Gabriel García Márquez, fallecido hace unas semanas, es uno de los mayores escritores latinoamericanos. Su novela más famosa popularizó el realismo mágico, una técnica que combinó realismo narrativo con pensamiento mágico. Sin embargo, los acontecimientos recientes en América Latina me han llevado a pensar que el “realismo mágico” no está restringido a las novelas latinoamericanas. Pareciera incluso caracterizar la manera como muchos líderes latinoamericanos piensan la política y la economía.
Pienso específicamente en Venezuela, Argentina, Brasil. Pese a que son países muy distintos, sus gobiernos parecen no aceptar el hecho de que el fin del boom de materias primas, impulsado por China y de las bajas tasas de interés en Estados Unidos, los obliga a cambiar las políticas que han sostenido hasta ahora. Sin el dinero fácil de hasta hace poco, deberán adoptar reformas postergadas para evitar las consecuencias políticas de la desaceleración.

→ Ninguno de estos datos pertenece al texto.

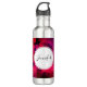 Garrafas de água com fundo de abstrato legal. Os derrames vermelhos e roxos criam um design vibrante moderno e ousado. Um círculo por cima com um dentro de nome personalizado.
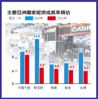 亞洲開發銀行上修亞洲開發中經濟體今年成長率預估至8.6%,其中台灣可望成長9.8%,但明年減緩為4%;中國今、明兩年成長率可望達到10.1%和9.1%;包含台灣、香港、新加坡與南韓在內的新興工業經濟體,今年平均成長率為7.6%,明年將減緩到4.5%。(吳國卿)
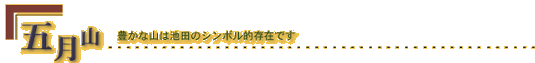 五月山は古くは佐伯山と呼ばれ、古くから人々に親しまれていました。池田市の北に聳える標高300メートルのこの山は、今も池田市民に親しまれるシンボル的存在です。
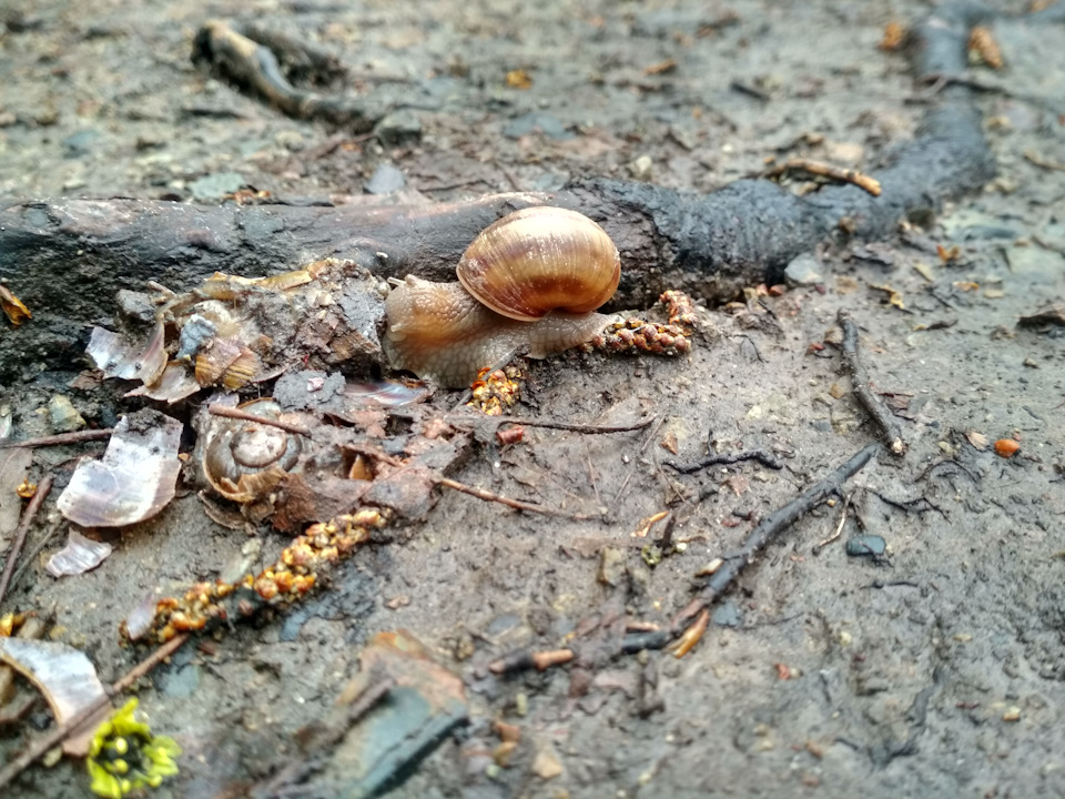 На дороге то и дело я видел улиток, одну даже перехал, да простит меня гринпис, но она не убедилась в безопасности перехода дороги! Попутно обнаружил, что гордое племя улиток не особо парится по усопшим собратьям, а деловито подъедает их:
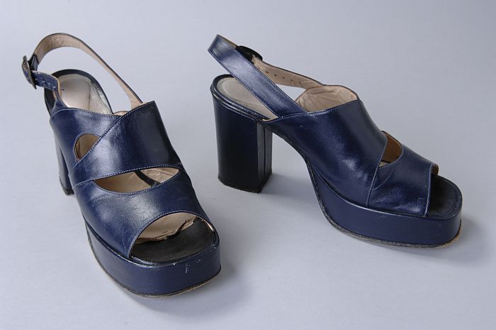 Donkerblauwe leren sandalettes met dikke plateauzool...
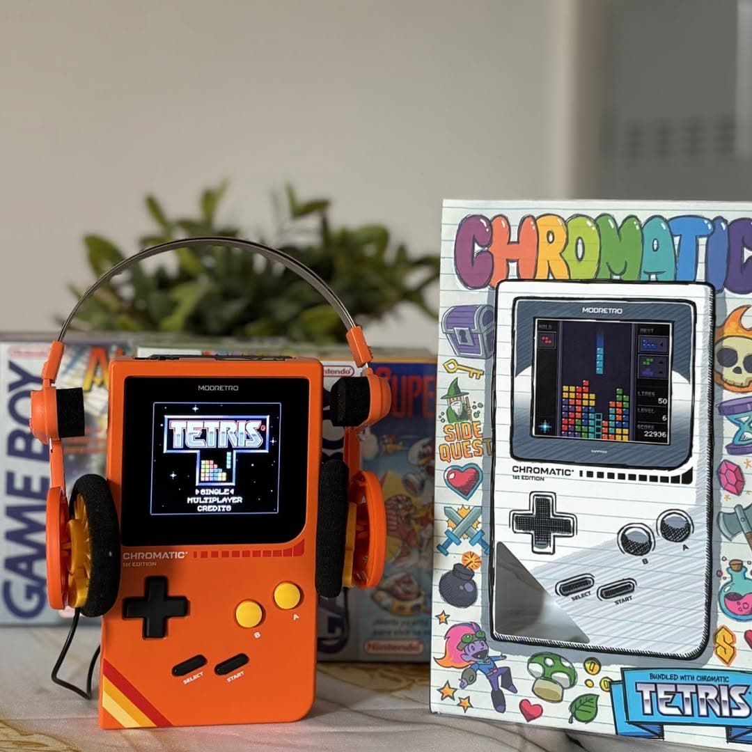 Chromatic by ModRetro is a premium FPGA-powered handheld that plays original Game Boy and Game Boy Color cartridges with pixel-perfect accuracy. Built from a sleek magnesium alloy shell and topped with a sapphire crystal screen, it combines modern durability with nostalgic design. Featuring a bright, backlit LCD, responsive controls, and support for original accessories, Chromatic delivers an authentic retro gaming experience—refined for today.
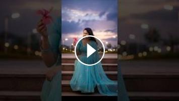 Prompt : An ultra-realistic, 8K portrait of a young Indian woman sitting on stone stairs, romantically smiling as she gently touches a flower she holds. She wears a sky-blue chiffon saree adorned with stone-filled designs and a fitted blouse. The dramatic twilight sky above is a canvas of cinematic clouds, reflecting a creamy soft bokeh effect. Lining the background are roads illuminated by streetlights.

El gobierno de Venezuela, encabezado por Nicolás Maduro parece el más alejado de la realidad. Cuando llegó al gobierno el año pasado, los miles de millones de dólares que fluían hacia Venezuela en los tiempos de Chávez habían desaparecido. Una porción relativamente pequeña había sido destinada a ayudar a los pobres, el resto en comprar apoyo a las políticas de Chávez, así como a enriquecer a la nueva élite bolivariana. Pese a la menguante producción petrolera y la ausencia de nuevas inversiones y préstamos, Maduro ha mantenido el generoso nivel de gasto de su predecesor, generando así una inflación del 56% que podría llegar a 75% a fines de este año. Maduro parece creer que los pobres lo seguirán apoyando, pese al rápido deterioro de su situación, pero el ex presidente brasileño Luiz Inácio “Lula” da Silva, un amigo de la revolución bolivariana, parece pensar lo contrario. Por ello ha llevado a Maduro a iniciar un “diálogo con la oposición”. Es dudoso que Maduro pueda sobrevivir mucho sin introducir reformas que frenen la espiral depresiva de la economía, pese a la presencia de miles de cubanos ayudándolo a mantener el orden con métodos cada vez más represivos.

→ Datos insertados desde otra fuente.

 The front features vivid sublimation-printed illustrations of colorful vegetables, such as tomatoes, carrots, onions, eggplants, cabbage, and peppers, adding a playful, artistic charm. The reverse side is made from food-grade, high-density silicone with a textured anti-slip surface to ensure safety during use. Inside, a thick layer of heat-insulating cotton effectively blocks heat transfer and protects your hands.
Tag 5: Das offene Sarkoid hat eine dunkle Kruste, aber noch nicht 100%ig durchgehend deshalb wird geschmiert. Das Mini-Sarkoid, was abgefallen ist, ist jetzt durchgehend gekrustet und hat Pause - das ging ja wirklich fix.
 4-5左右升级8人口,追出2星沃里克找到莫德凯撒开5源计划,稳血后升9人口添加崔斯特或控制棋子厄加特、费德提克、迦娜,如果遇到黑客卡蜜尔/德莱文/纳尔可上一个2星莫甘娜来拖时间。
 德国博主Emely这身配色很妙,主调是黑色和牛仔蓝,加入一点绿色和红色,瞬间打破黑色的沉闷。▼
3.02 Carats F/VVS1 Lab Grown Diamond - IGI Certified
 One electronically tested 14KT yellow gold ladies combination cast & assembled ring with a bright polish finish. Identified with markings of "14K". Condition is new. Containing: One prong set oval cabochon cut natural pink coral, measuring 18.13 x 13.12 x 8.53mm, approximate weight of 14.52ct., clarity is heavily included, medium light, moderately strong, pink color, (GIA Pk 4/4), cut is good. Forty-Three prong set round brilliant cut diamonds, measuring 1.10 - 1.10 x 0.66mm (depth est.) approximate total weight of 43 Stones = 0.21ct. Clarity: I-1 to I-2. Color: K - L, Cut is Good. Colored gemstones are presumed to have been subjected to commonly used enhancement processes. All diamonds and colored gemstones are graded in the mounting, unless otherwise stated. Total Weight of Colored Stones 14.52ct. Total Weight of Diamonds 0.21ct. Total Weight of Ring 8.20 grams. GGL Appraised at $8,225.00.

Argentina también parece haber caído en su propia veta de realismo mágico. La presidenta Cristina Fernández pensó que podría seguir gastando con la misma libertad con que lo hizo durante el boom de las materias primas, pese a la creciente inflación, la caída drástica en la inversión extranjera, las declinantes reservas en dólares y la creciente fuga de capitales. Sin embargo, hay señales recientes de que se está ajustando a la realidad. Dejó que el peso se devaluara 18%, ha recortado los subsidios al gas y acordó pagarle a la española Repsol US$5.000 millones por la nacionalización de la petrolera YPF. Algunos observadores señalan que no tenía otra opción, pues Argentina se estaba quedando sin dinero. Sea cual sea la razón, estas nuevas políticas están comenzando a atraer inversión.

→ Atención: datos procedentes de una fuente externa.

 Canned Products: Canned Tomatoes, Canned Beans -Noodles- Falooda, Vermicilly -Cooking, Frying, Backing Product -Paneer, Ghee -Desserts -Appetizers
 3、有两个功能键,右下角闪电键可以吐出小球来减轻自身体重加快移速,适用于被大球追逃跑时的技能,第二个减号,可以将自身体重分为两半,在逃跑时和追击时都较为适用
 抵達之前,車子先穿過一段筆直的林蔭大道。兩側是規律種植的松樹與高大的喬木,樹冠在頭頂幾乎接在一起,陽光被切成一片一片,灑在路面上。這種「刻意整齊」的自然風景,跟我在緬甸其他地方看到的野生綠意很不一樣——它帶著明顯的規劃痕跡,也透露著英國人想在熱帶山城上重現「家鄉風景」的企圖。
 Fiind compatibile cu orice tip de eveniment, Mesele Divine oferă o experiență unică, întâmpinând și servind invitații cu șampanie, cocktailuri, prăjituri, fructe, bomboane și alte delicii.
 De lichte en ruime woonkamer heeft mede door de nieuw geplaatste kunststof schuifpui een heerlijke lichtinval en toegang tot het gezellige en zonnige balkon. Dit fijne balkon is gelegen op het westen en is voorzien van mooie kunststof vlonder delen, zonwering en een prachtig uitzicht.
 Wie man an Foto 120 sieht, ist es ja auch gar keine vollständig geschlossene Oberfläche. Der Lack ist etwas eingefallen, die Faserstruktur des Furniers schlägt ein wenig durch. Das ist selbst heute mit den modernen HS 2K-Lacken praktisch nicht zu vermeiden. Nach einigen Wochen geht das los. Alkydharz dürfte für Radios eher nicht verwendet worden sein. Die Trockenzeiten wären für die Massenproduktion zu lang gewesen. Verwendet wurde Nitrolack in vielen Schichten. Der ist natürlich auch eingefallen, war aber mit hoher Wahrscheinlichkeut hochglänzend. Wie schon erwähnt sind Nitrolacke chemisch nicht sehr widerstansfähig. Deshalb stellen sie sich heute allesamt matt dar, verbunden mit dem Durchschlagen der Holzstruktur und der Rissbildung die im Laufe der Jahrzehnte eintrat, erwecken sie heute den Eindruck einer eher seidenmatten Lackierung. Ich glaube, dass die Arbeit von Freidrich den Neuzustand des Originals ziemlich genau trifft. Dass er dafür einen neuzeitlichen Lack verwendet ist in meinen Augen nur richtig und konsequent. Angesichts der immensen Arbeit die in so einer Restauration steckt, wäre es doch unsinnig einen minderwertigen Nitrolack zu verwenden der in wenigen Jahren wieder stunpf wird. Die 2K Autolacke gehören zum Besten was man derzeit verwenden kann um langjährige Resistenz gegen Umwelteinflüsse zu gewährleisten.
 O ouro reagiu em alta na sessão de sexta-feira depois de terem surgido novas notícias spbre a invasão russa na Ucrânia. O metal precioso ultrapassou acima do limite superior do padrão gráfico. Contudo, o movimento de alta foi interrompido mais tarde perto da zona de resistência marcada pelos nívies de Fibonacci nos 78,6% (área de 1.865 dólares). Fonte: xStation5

Finalmente, tenemos a Brasil, que está trabajando duramente para no hacer las reformas necesarias para incentivar el crecimiento. La economía, que creció 7,5% en 2010, creció el año pasado menos de 2%. Las perspectivas para los próximos dos años tampoco se ven mejores. Las vastas reservas de petróleo no han sido explotadas con eficiencia; en parte se debe a los requerimientos proteccionistas que obligan a utilizar barcos y taladros construidos en Brasil. El boom del crédito, que estimuló el gasto de los consumidores durante los años del crecimiento alto, no se ha reducido significativamente. Tampoco ha hecho mucho Brasil para desahuciar Mercosur, un acuerdo comercial disfuncional que ha desincentivado la competitividad entre sus miembros.
A diferencia de Cristina Fernández, la presidenta Dilma Rousseff espera ser reelegida este año. Se ve a sí misma en una carrera contra el tiempo, intentando posponer las reformas necesarias hasta después de las elecciones. No está claro, sin embargo, que si es reelegida esté preparada para renunciar a su visión de que el rol del Estado es esencial para que la economía brasileña crezca y se desarrolle.